I'm just an ordinary United States citizen. I live in an ordinary family and 
community. For the life of me, I can not quite understand the delay in designing a citizenship program for those who are illegal, but have been working here and raising families without any criminal behavior. I believe our borders need to be closed. The United States should make every effort to continue deporting undocumented people who are criminals, or have abused and used the system far too long. 

However, for those that have made their way here, working and struggling to have a better future for their families, I think it would be quite possible for America to design a system that includes required obligations, with a commitment through an approved track to citizenship. By doing so, We might dignify them, and bring out the best in most of our illegal population. Instead of having them running from us, undocumented persons might seek out new and exciting opportunities here, trusting in their hope of becoming legal and part of our society here. Illegals should be required to actively contribute to our economy, attend ESL classes, and participate in the communities where they have hidden in fear. Churches and school buildings can set up ESL classes and have a screening process to assess any stumbling blocks that might hinder their progress.
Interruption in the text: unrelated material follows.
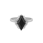 A dramatic black center stone is surrounded by sparkling accents, capturing the spirit of nocturnes, compositions devoted to the night. Crafted in sterling silver, it’s a piece that commands the dark with elegance.
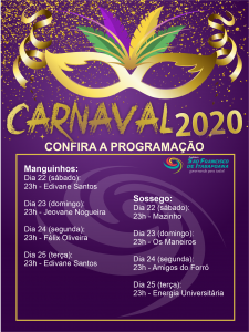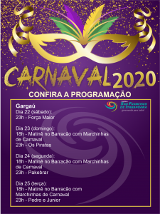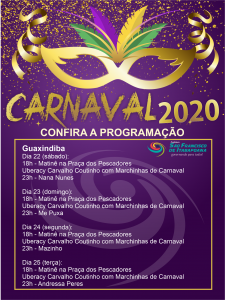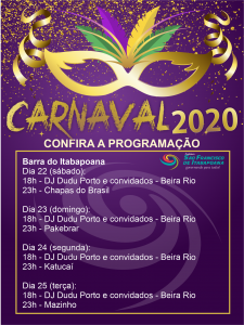 NOTÍCIASCarnaval Carnaval 2020 – Programação de São Francisco do Itabapoana 20 de fevereiro de 2020 0 1462 Compartilhar Facebook Twitter WhatsApp Telegram

Too many of us have used illegals to care for our children, tend to our gardens, or to work on our farms and clean our homes. Instead of treating them with dignity and respect, the way all people are meant to be treated, for years we have used them for cheap labor in our society. How can we be so blatantly hypocritical ? Is this not hypocrisy in its purest form?

Too much time ,energy and money has been spent on talking about what to do about the illegal immigrants in our country. It's time to get over it and make it right, using our moral compass instead of our political rhetoric. It's time to admit that we have pockets of illegal laborers who we shun on one side of our face, and wish we could use on the other side. Meanwhile, they are waiting on street corners hoping someone will give them work. 

Instead of turning our heads the other way, maybe we could reach out to them with a plan. Maybe we can identify the strongest leaders among them, and after confirming they are not with criminal intent, perhaps we can help them improve their plight legally, setting up standards, regulations and commitments that will benefit all law-abiding people seeking to live in the United States. Our country has the means to pave the way for their citizenship, and with legal oversight, allow them to become the paid leaders for other illegal immigrants, who have proven themselves worthy. Of course there is more complexity in the true implementation of this kind of process.

However, politics is often the biggest barrier to true and positive change, an area where America often falls farthest. We are tied up in red tape, alongside those who fail to look outside the box, or define illegals as people, instead of a problem to be solved, or vote to be gained.

Fortunately an Urban Institute Study was done in 2010 “ Balance Child and Family Protection with Immigration Enforcement Goals," in which they advised lawmakers to balance the protection of children and the integrity of their families, with Immigration law enforcement objectives. Slow but sure steps have been taken place in this area, the good news of the day for sure! Destroying family units in anyway would be almost a sin against humanity. If we are truly to be leaders in the free world, our humanitarian efforts must begin at home.